Wolves received federal protections in 1975 when only about 500 remained, all of them in Northeastern Minnesota. There are now about 6,000 wolves in the Lower 48, including about 2,700 in Minnesota, more than 1,000 in Wisconsin and more than 500 in Michigan’s Upper Peninsula. The animals were delisted in 2011, but a court order has placed them back under federal protection since 2014.

Livestock groups and some hunting organizations said the time is long past to begin culling wolf numbers.

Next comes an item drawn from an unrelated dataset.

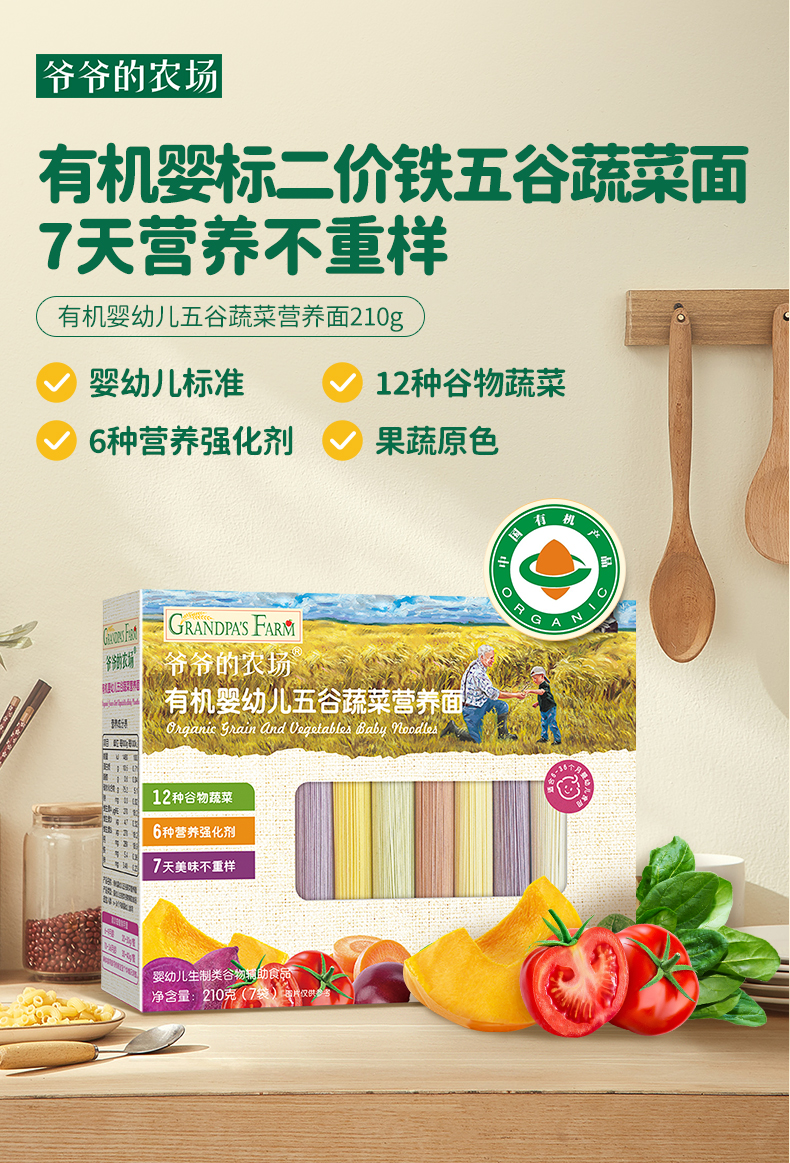 【有机 婴标】爷爷的农场 有机酱油152ml+五谷蔬菜营养面210g

But the groups said allowing states to manage the animals, including allowing baiting and trapping, threatens to reduce their numbers again.

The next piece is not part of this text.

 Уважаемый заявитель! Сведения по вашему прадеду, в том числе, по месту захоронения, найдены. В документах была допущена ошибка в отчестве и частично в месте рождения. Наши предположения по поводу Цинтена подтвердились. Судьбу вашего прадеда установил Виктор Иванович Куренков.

“The decision to remove critical protections for still-recovering gray wolves is dangerously short-sighted, especially in the face of an extinction and biodiversity crisis,” Bonnie Rice, senior representative for Sierra Club's Our Wild America Campaign, said. “We should be putting more effort into coexistence with wolves and reinstating endangered species protections critical for their full recovery.”

The notice letter states that removal of the gray wolf’s federal protection is unlawful because the species has not recovered in the Pacific Northwest, the southern Rockies and elsewhere that scientists identify as “significant” habitat for the wolf.

The letter also asserts that the Fish and Wildlife Service’s decision contradicts the most current science regarding wolf conservation and taxonomy and ignores concerns raised in peer reviews by the nation’s top wolf scientists.